With Crashlytics now a part of Google's Firebase offering, it initializes behind the scenes, so a solution I wrote a few years ago had to be updated to this:
Implement some kind of log caching, First In First Out. I put one together based on cache-lite.
Put this function in YourApplicationClass that extends Application:
fun setExceptionHandler() {
val defaultExceptionHandler = Thread.getDefaultUncaughtExceptionHandler()
Thread.setDefaultUncaughtExceptionHandler { thread, ex ->
Crashlytics.log(cacheLoggingTree.getAll().joinToString("++"))
Crashlytics.logException(ex)
defaultExceptionHandler.uncaughtException(thread, ex)
}
}
Then you call the function from the end of your onCreate function in your MainActivity:
(application as YourApplicationClass).setExceptionHandler()

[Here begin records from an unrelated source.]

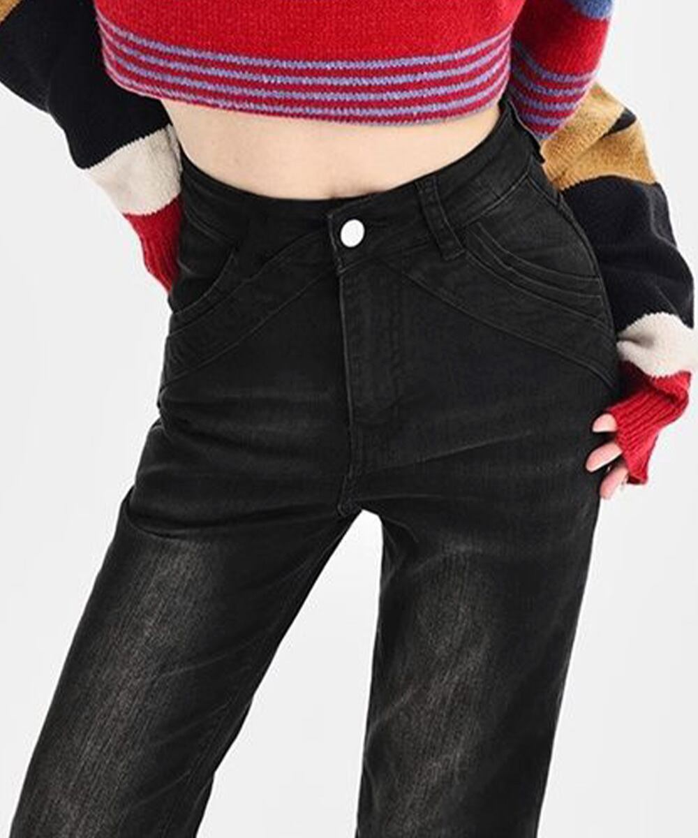 ウエスト部分の斜めにあしらわれた変形ポケットが、シンプルなコーデのアクセントに。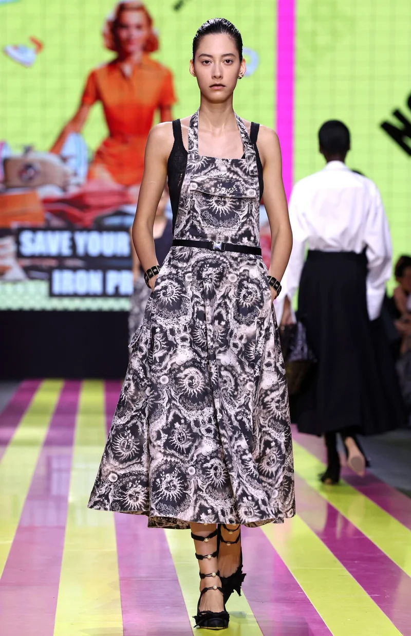 Еще одним интересным нарядом стало платье-фартук. Очевидно, оно стало исторической отсылкой, иронизирующей на тему женского образа.
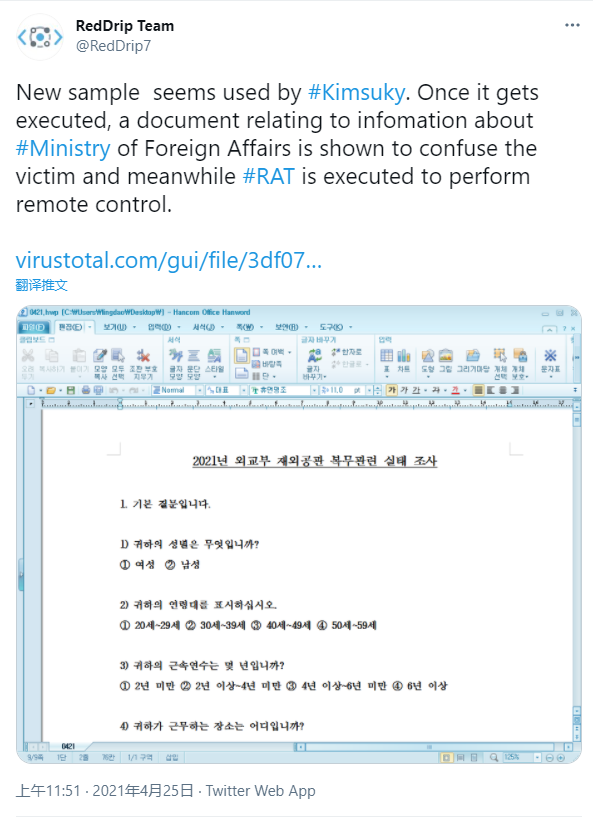kimsuky APT组织(又名Mystery Baby, Baby Coin, Smoke Screen, BabyShark, Cobra Venom) ,该组织一直针对于韩国的智囊团,政府组织,新闻组织,大学教授等等进行活动.并且该组织拥有windows平台的攻击能力,载荷便捷,阶段繁多。并且该组织十分活跃.其载荷有带有漏洞的hwp文件,携带恶意宏文档,释放dll载荷的PE文件,远程模板注入技术docx文档,恶意的wsf以及js的脚本文件等

With that, any exceptions that get thrown will first post the most recent log entries, then log the exception. You probably want to be cautious with how many lines you cache though, lest you overload the system.
Also, I used ++ as a flag to manually replace with carriage returns when you download the log, since the \n I had gets stripped in the upload process.
Instead of catching the exception and logging it, you can instead use RuntimeExceptions:
throw new RuntimeException("Test crash");
Android Studio will not require you to catch these, thus having the app terminate and upload the report immediately.